■ Action item
Wherever a picture appears in the listing, leave it out, and copy the rest exactly.

■ Input data
====================

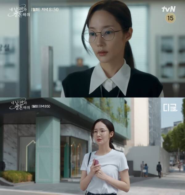 드라마 초반에는 박민영의 수수한 스타일링이 많이 보인다. 포인트는 안경.
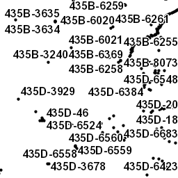Bohrungen mit Angabe der spezifischen Entzugsleistung in Watt pro Meter
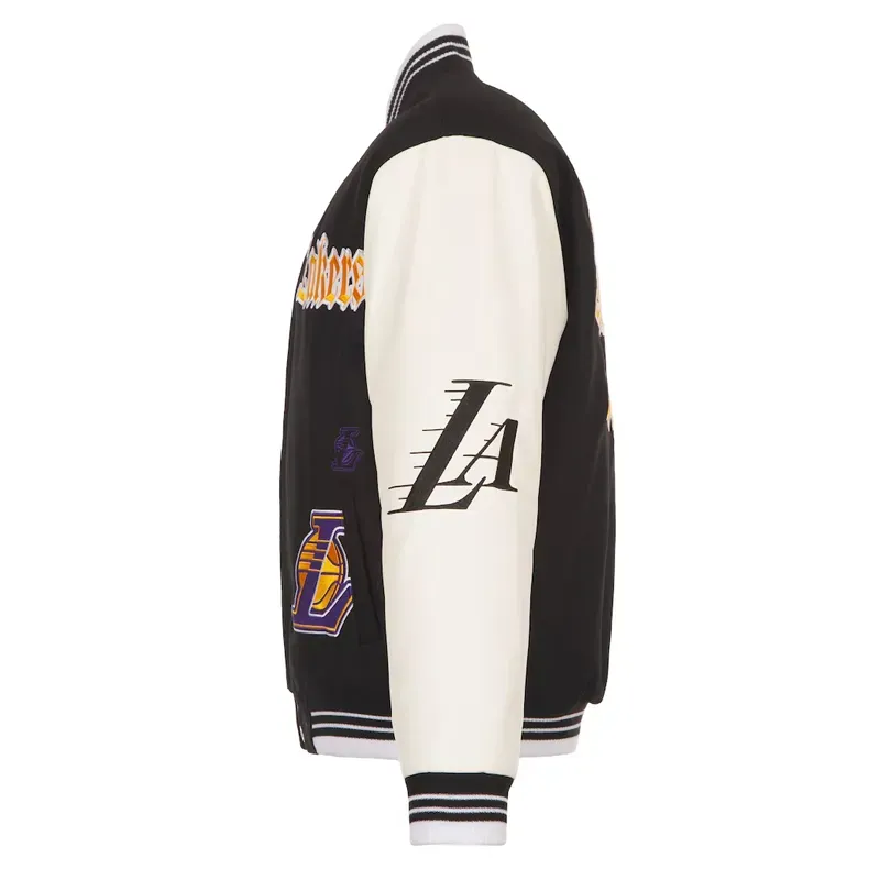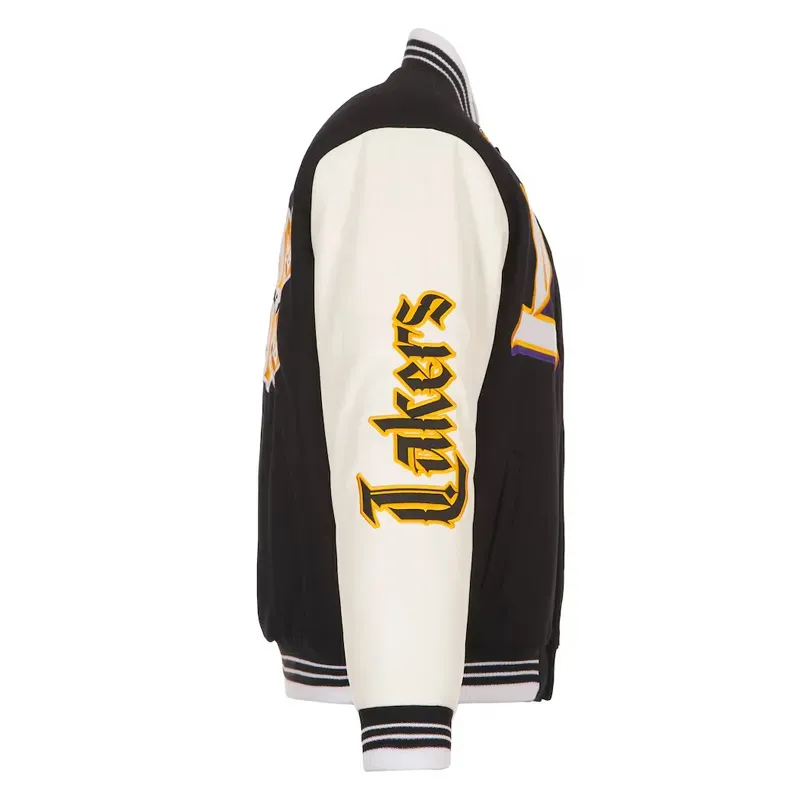 Los Angeles Lakers Gothic Varsity Wool/Leather Black and White Jacket
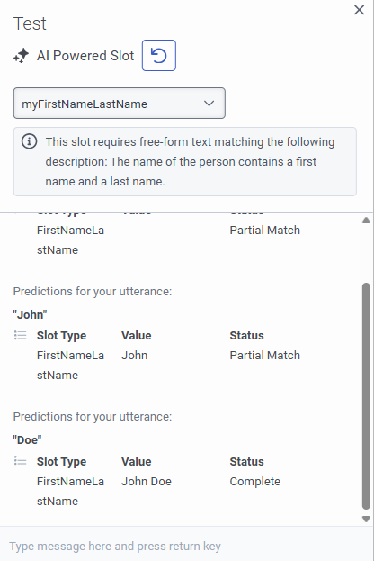 AI 搭載スロットのテスト ウィジェットを使用すると、カスタム AI 搭載スロットを試して、仮想エージェントによってスロットがどのようにキャプチャ、収集、修正されるかを理解できます。ウィジェットは、マルチターン (部分的) スロット収集と修正のテストをサポートします。

====================

■ Response for this exercise
 드라마 초반에는 박민영의 수수한 스타일링이 많이 보인다. 포인트는 안경.
Bohrungen mit Angabe der spezifischen Entzugsleistung in Watt pro Meter
 Los Angeles Lakers Gothic Varsity Wool/Leather Black and White Jacket
 AI 搭載スロットのテスト ウィジェットを使用すると、カスタム AI 搭載スロットを試して、仮想エージェントによってスロットがどのようにキャプチャ、収集、修正されるかを理解できます。ウィジェットは、マルチターン (部分的) スロット収集と修正のテストをサポートします。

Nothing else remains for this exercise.